I’d note that this is the same way you generate data for a Hosmer-Lemeshow test for logit models, but I don’t bother with the Chi-Square test. For large samples it will always reject, and small samples it may mean you just have low power, not that your model is well calibrated. So doing that stat test is a lose-lose IMO. But you can just make the plot to see whether your predictions are on the mark, or if they are low or high on average. Here we can see that they hug the lower ignorance band, so are not too bad. But may be a shade too low (more people recidivate than predicted).

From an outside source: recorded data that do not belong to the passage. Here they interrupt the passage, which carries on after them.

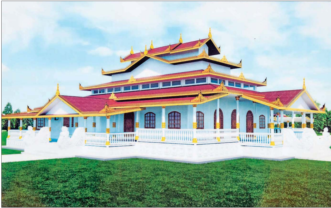
ဗုဒ္ဓဥယျာဉ်အတွင်း တည်ဆောက်မည့် ကျောင်းဆောင်။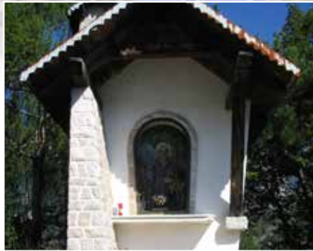
Chiesetta Col dei Piais Col dei Piais church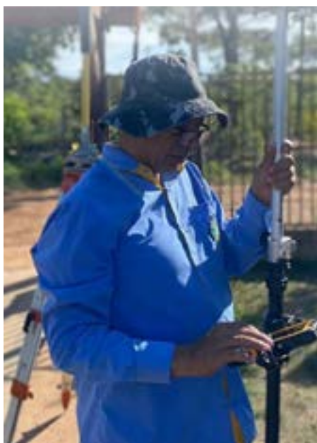
Levantamento Topográfico em Paracatu-MG

Rua Topázio, nº 944 | Bairro Monte Carmelo | Montes Claros/MG (38)99902-8673 (38)99839-6143 E-mail: contato.iterb@gmail.com Siga nosso Instagram: @iterb_brasil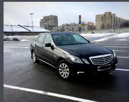
Mercedes-Benz 2009 год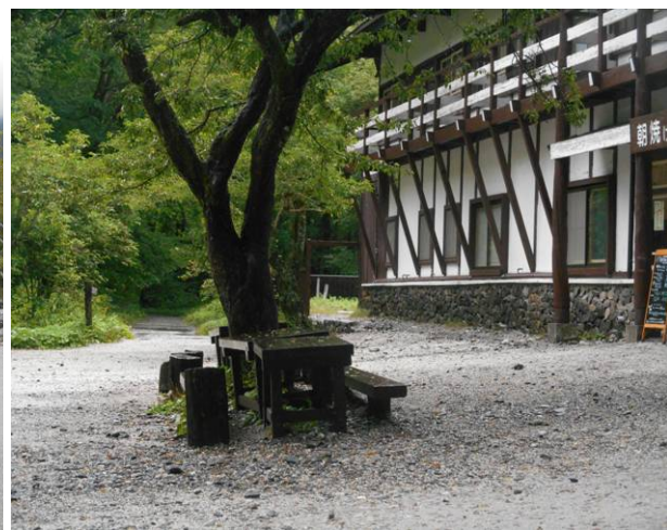
明神館に到着 まだ雨は降っていません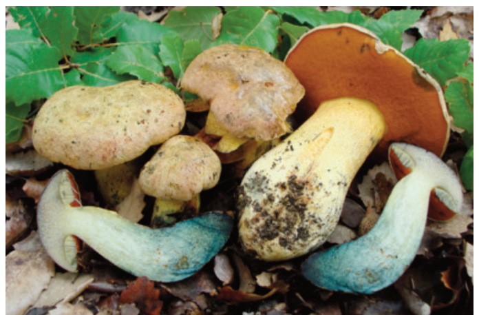
Figura 58. Suillellus comptus

* Xerocomellus redeuilhii A.F.S. Taylor, U. Eberh., Simonini, Gelardi & Vizzini CÁDIZ: El Bosque, El Castillejo, 30STF7771, encinar-quejigal basófilo, 360 m, 14-X-2015, ARB201525. MÁLAGA: Benaoján, La Dehesa, 30STF9965, encinar basófilo, 10-X-2015, JA-CUSSTA 8522 (Becerra y Robles 2016 sub Xerocomellus dryophilus (Thiers.) N. Siegel, C.F. Schwarz & J.L. Frank) (figura 60). Observaciones: novedad para la provincia de Cádiz (Moreno- Arroyo 2004).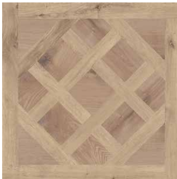
302841/61 95 * Cassettone Mix Vaniglia Rettificato 81x81 3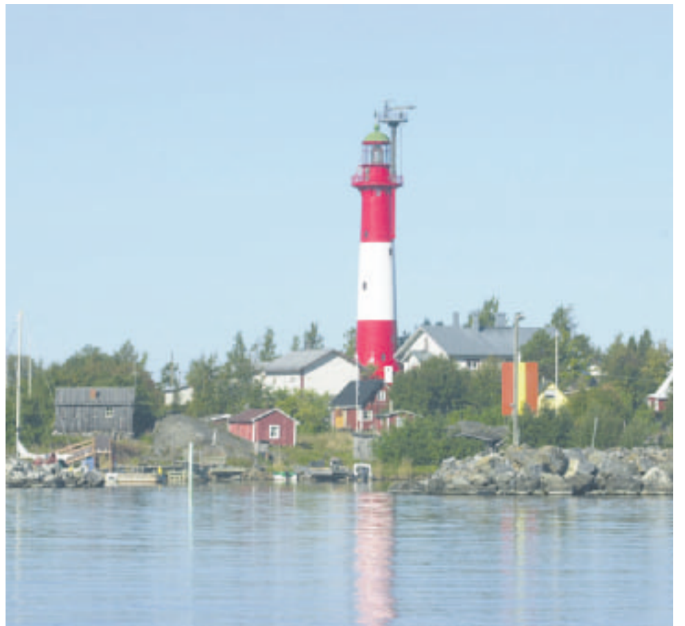
Kuva Tankarin majakkasaaren satamasta.

This calibration is examining the probability, but another way to think about calibration here is calibrated in terms of time, e.g. I say something will happen in 30 weeks, does it actually happen in 30 weeks? Here is my attempt at a plot to check that out. Using the test dataset, I generate the usual KM estimate. Then based on the predicted probabilites, I generate simulated outcomes for individuals (here 99), and then plot the range of those outcomes on the same chart.

So here you can see that my predicted failure times are somewhat longer than observed in the data (simulation bands slightly below observed for the later time periods). These two charts are likely not in contradiction, the error bands in each show somewhat observe patterns, so they both hint at my model is conservative in assigning risk. But it is not too shabby in terms of calibration (you should have seen some of these plots when I was trying random forest and XGBoost models!).

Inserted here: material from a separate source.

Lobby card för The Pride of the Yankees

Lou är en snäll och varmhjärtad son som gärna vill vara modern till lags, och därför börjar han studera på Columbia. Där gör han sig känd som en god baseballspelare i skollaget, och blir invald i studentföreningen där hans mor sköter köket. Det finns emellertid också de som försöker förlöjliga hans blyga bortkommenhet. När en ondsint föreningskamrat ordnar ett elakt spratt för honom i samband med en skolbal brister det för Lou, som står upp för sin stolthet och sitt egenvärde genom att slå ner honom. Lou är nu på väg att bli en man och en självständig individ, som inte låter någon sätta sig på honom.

I’m wondering offhand if I have some edge effects going on. So maybe even if I am only interested in examining a time horizon of two years, I should still tack on longer time periods for the initial models.

Both of these charts you can subset the data and look at the same chart, so here is an example table generated for simulations based on 332 test dataset females. Because the sample is smaller, the simulated bands are wider, so the observed KM cumulative hazard estimate appears well inside the bands here for the female subsample. (Probably because of less diagnostic ability to identify tiny bits off in the calibration.)

Evaluating Model Discrimination

The second way you might evaluate survival predictions is in terms of rankings, can I discriminate in my model between individuals who are high risk and who are low risk. One of the crazy things about these individual level survival curves is that they can cross! So imagine we had a set of two individuals and are looking at a horizon of four periods:

ID Time InstProb CumProb
A   1      0.1     0.1
A   2      0.1     0.19
A   3      0.1     0.271
A   4      0.1     0.3439

B   1      0.2     0.2
B   2      0.1     0.28
B   3      0.05    0.316
B   4      0.01    0.32284

So person B is at higher risk right away. So if we ranked these individuals for who was more likely to recidivate, ID B will be ranked higher for periods 1, 2 and 3. But by period 4, ID A is at higher risk in terms of their cumulative probability of recidivating.

The simplest metric to evaluate discrimination IMO is AUC (which is related to the concordance metric). And to do that you just do slices of particular weeks, and then calculate the AUC based on the cumulative failure probability estimate at that time period.

So you can see here that it is pretty meh – only AUC stats around 0.6 for my logit model. So better than the random 0.5, but not by much. Even though my model appears to be reasonably calibrated, it is nothing to brag to grandma about being able to identify people at different risk levels for recidivism, not matter the time horizon I am interested in.

For this estimate I just dropped censored observations, so I am not sure how to deal with them in this case. If you have suggestions or references let me know! But offhand I don’t think they are too off, the earlier time periods should have less censoring, but they are all pretty close in terms of the overall metric.

Future Stuff?

Besides seeing how others have dealt with censoring in their prediction metrics, another metric introduced in the Haider et al. (2020) paper is a Brier Score that is both a calibration and discrimination metric.

Also for folks interested in survival analysis in python, I suggest to check out statsmodel or the lifelines packages.